"""

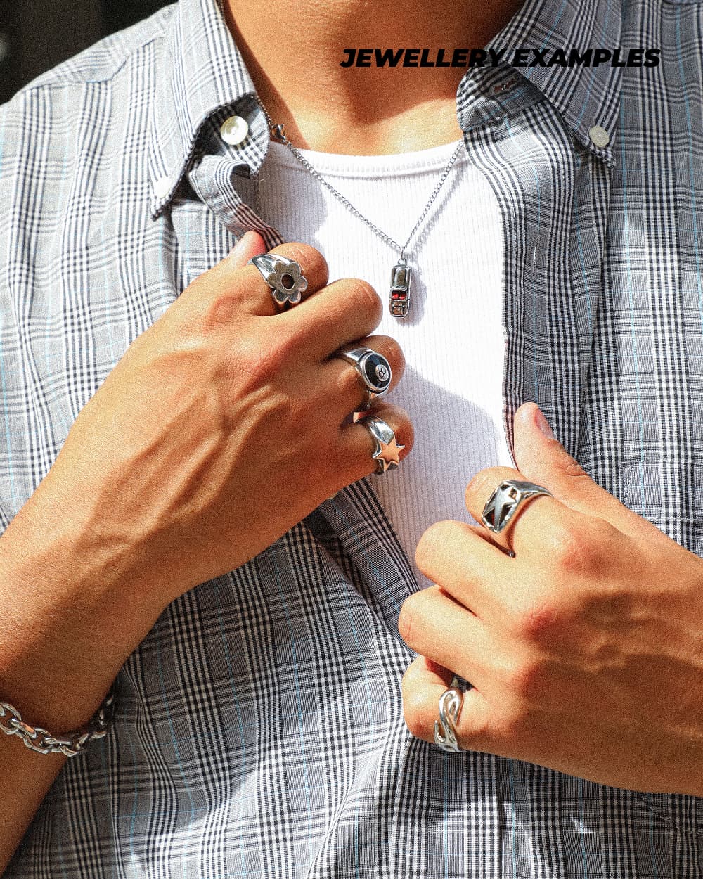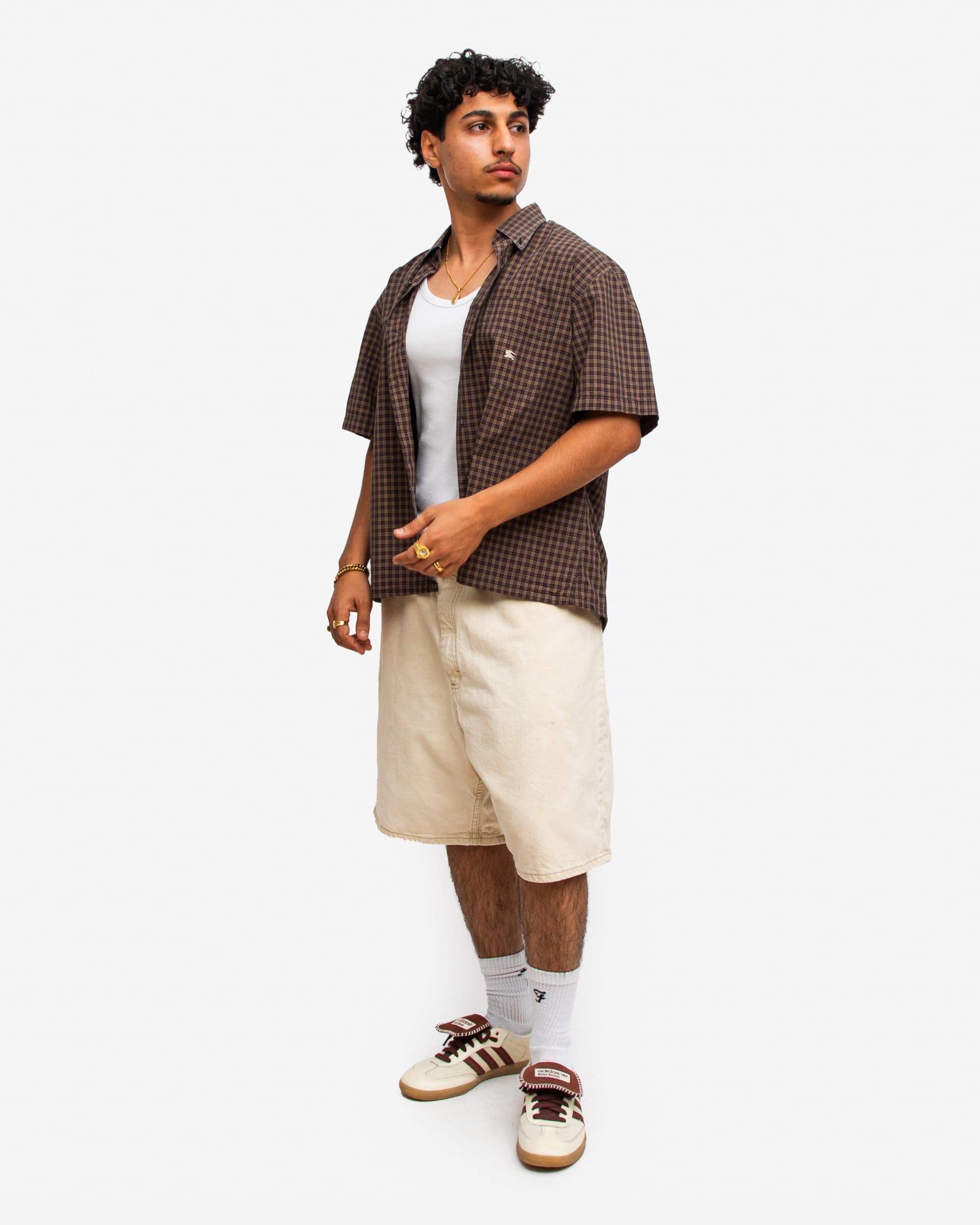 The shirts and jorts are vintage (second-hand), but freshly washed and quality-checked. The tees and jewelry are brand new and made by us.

"""
"""

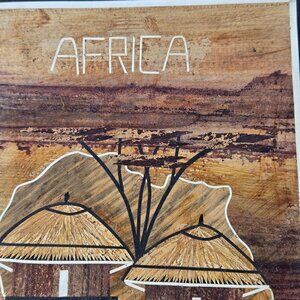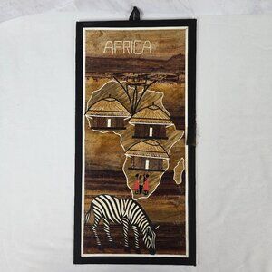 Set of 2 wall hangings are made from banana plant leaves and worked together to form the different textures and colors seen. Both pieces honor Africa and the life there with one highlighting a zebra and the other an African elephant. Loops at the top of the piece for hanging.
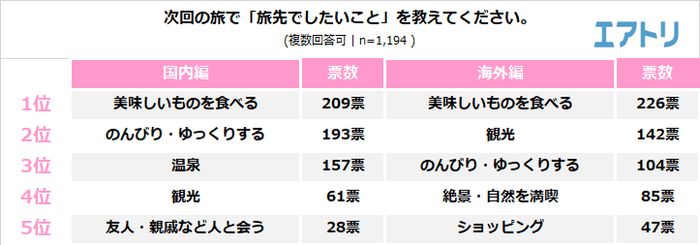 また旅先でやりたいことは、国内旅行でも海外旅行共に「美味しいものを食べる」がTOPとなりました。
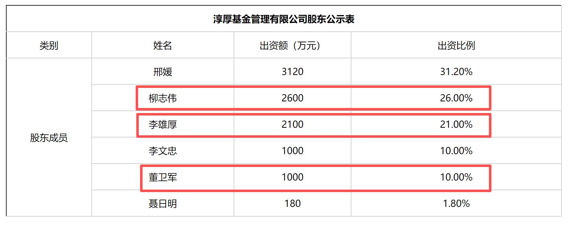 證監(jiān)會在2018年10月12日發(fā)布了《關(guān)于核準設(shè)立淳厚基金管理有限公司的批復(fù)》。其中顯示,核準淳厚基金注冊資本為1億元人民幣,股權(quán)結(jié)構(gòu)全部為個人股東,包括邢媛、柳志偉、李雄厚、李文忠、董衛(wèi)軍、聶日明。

"""

Action item >>
Precisely those lines above that run from the line with "Set of 2 wall" up to and including the line with "證監(jiān)會在2018" are to be set down, with the pictures omitted.

Answer box >>
 Set of 2 wall hangings are made from banana plant leaves and worked together to form the different textures and colors seen. Both pieces honor Africa and the life there with one highlighting a zebra and the other an African elephant. Loops at the top of the piece for hanging.
 また旅先でやりたいことは、国内旅行でも海外旅行共に「美味しいものを食べる」がTOPとなりました。
 證監(jiān)會在2018年10月12日發(fā)布了《關(guān)于核準設(shè)立淳厚基金管理有限公司的批復(fù)》。其中顯示,核準淳厚基金注冊資本為1億元人民幣,股權(quán)結(jié)構(gòu)全部為個人股東,包括邢媛、柳志偉、李雄厚、李文忠、董衛(wèi)軍、聶日明。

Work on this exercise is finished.